Exercise inputs
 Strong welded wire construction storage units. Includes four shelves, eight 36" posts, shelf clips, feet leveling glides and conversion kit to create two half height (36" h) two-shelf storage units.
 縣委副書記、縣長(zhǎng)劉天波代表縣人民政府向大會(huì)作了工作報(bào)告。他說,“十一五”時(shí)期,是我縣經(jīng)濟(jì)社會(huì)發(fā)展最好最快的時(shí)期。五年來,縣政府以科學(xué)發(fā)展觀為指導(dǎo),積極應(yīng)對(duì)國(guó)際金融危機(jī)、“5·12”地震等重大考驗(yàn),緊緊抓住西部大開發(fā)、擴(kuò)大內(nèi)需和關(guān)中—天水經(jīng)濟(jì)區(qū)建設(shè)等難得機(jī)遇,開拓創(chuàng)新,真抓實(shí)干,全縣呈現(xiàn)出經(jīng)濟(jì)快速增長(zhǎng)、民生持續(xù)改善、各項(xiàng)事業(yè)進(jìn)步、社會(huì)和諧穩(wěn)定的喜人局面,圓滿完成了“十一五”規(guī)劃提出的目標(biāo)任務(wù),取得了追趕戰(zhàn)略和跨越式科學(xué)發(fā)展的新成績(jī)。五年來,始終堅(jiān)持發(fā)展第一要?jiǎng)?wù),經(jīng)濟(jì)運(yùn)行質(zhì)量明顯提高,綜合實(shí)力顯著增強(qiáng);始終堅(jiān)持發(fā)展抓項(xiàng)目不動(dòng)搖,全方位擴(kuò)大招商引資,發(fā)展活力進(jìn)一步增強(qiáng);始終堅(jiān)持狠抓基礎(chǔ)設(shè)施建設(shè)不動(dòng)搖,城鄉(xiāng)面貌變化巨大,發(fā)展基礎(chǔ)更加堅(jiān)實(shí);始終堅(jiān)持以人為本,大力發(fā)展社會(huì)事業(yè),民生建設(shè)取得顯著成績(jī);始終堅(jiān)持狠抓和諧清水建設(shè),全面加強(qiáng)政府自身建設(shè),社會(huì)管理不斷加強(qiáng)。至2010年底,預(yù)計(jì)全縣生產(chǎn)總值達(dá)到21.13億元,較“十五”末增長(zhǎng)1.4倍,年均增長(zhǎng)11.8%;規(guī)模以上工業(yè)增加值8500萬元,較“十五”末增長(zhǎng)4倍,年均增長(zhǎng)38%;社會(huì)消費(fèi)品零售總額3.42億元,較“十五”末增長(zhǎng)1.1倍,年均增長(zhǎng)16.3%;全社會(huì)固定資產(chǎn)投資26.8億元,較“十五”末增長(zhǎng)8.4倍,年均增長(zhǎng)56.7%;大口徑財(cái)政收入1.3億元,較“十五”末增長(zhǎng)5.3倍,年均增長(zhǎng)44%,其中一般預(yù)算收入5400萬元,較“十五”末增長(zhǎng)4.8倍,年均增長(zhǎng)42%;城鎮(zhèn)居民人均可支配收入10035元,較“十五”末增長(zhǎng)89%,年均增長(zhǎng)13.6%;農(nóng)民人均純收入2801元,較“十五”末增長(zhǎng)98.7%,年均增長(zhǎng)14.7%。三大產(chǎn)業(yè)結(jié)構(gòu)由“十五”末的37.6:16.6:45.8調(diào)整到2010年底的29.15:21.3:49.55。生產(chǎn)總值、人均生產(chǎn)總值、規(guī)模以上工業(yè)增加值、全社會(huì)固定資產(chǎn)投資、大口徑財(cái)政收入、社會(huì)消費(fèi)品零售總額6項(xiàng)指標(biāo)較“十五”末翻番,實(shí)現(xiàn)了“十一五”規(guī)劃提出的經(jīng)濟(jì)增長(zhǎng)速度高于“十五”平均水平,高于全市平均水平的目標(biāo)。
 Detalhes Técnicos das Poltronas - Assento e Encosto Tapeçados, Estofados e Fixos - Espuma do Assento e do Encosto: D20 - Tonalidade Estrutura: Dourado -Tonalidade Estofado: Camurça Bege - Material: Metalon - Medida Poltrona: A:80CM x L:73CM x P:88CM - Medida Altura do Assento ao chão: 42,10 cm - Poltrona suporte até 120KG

--

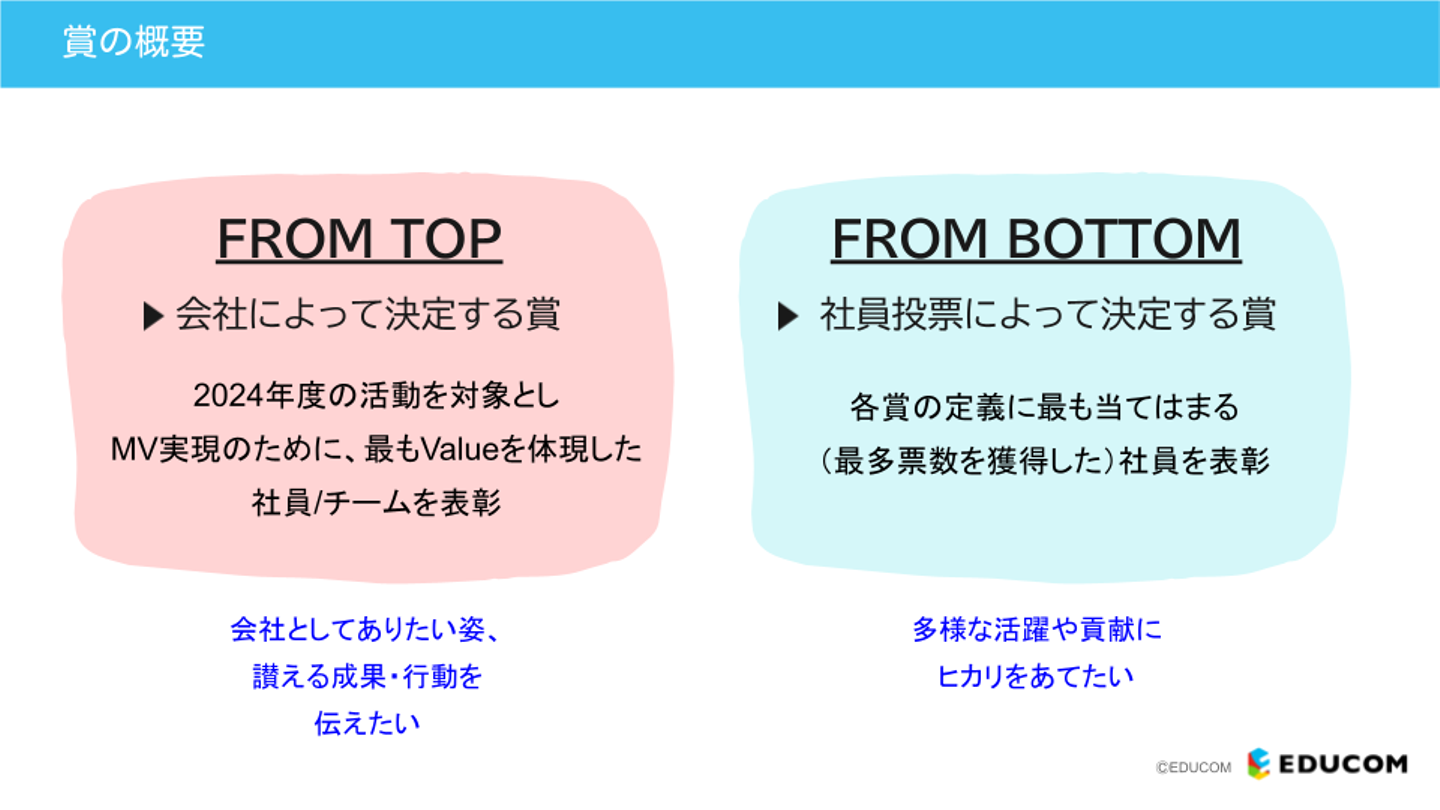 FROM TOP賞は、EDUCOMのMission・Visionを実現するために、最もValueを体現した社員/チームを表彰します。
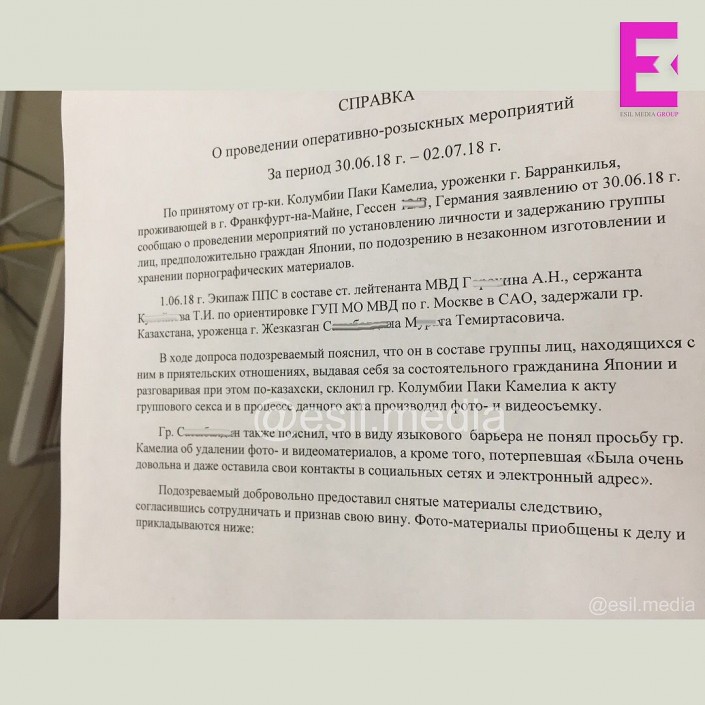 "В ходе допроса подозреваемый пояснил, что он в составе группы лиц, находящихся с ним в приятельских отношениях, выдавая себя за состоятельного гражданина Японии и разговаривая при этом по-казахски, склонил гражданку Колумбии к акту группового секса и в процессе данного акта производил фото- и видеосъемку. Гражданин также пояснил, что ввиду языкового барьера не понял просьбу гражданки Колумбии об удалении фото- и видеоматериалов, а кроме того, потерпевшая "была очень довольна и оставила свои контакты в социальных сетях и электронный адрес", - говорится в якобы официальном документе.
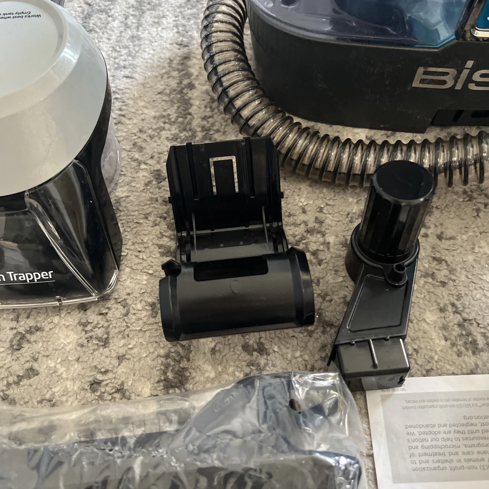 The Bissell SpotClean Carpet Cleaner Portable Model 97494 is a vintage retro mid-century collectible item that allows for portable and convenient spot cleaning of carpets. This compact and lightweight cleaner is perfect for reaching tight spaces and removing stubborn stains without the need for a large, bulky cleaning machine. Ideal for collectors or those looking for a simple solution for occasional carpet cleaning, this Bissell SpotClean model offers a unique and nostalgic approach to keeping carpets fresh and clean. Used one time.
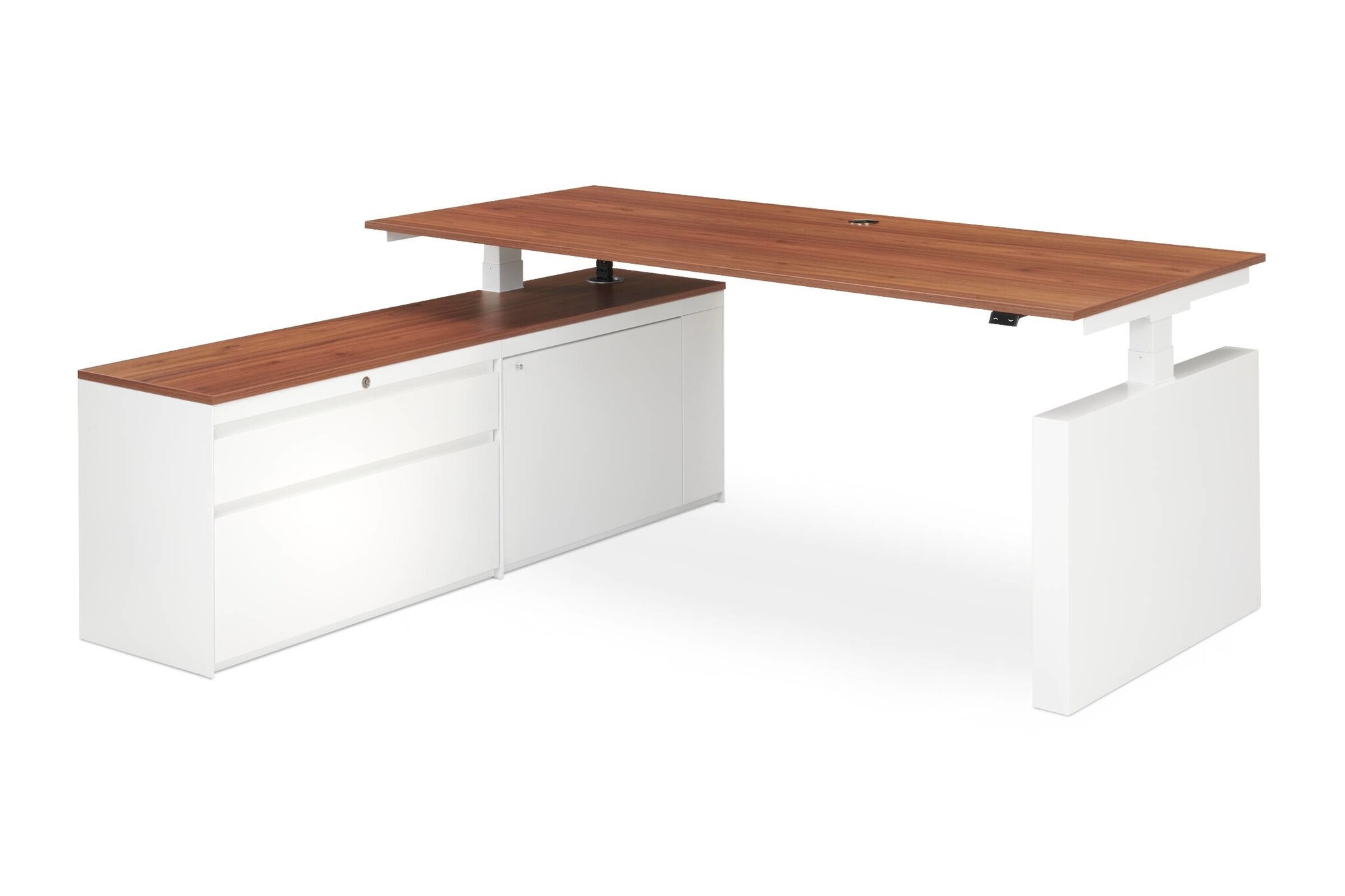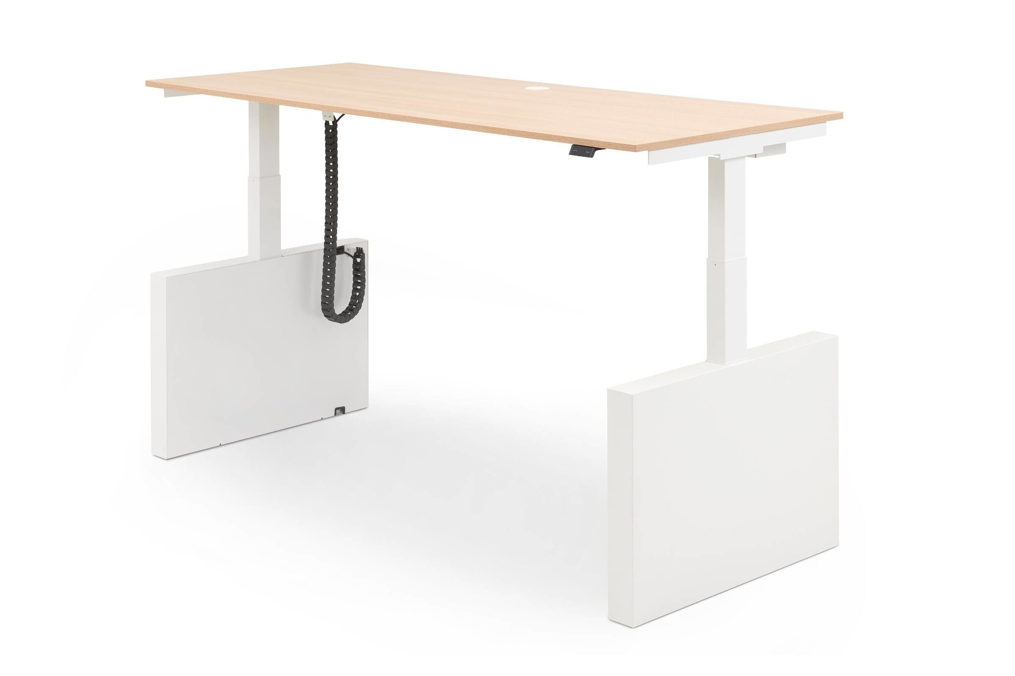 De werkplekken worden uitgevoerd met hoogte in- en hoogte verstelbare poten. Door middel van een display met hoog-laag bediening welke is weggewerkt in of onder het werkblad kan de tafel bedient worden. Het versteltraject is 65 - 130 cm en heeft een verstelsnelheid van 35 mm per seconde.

Goal of the exercise
Output exactly the lines above that lie between the line with "FROM TOP賞は、EDU" and the line with "De werkplekken worden", those two lines included, and no pictures.

Exercise output
 FROM TOP賞は、EDUCOMのMission・Visionを実現するために、最もValueを体現した社員/チームを表彰します。
 "В ходе допроса подозреваемый пояснил, что он в составе группы лиц, находящихся с ним в приятельских отношениях, выдавая себя за состоятельного гражданина Японии и разговаривая при этом по-казахски, склонил гражданку Колумбии к акту группового секса и в процессе данного акта производил фото- и видеосъемку. Гражданин также пояснил, что ввиду языкового барьера не понял просьбу гражданки Колумбии об удалении фото- и видеоматериалов, а кроме того, потерпевшая "была очень довольна и оставила свои контакты в социальных сетях и электронный адрес", - говорится в якобы официальном документе.
 The Bissell SpotClean Carpet Cleaner Portable Model 97494 is a vintage retro mid-century collectible item that allows for portable and convenient spot cleaning of carpets. This compact and lightweight cleaner is perfect for reaching tight spaces and removing stubborn stains without the need for a large, bulky cleaning machine. Ideal for collectors or those looking for a simple solution for occasional carpet cleaning, this Bissell SpotClean model offers a unique and nostalgic approach to keeping carpets fresh and clean. Used one time.
 De werkplekken worden uitgevoerd met hoogte in- en hoogte verstelbare poten. Door middel van een display met hoog-laag bediening welke is weggewerkt in of onder het werkblad kan de tafel bedient worden. Het versteltraject is 65 - 130 cm en heeft een verstelsnelheid van 35 mm per seconde.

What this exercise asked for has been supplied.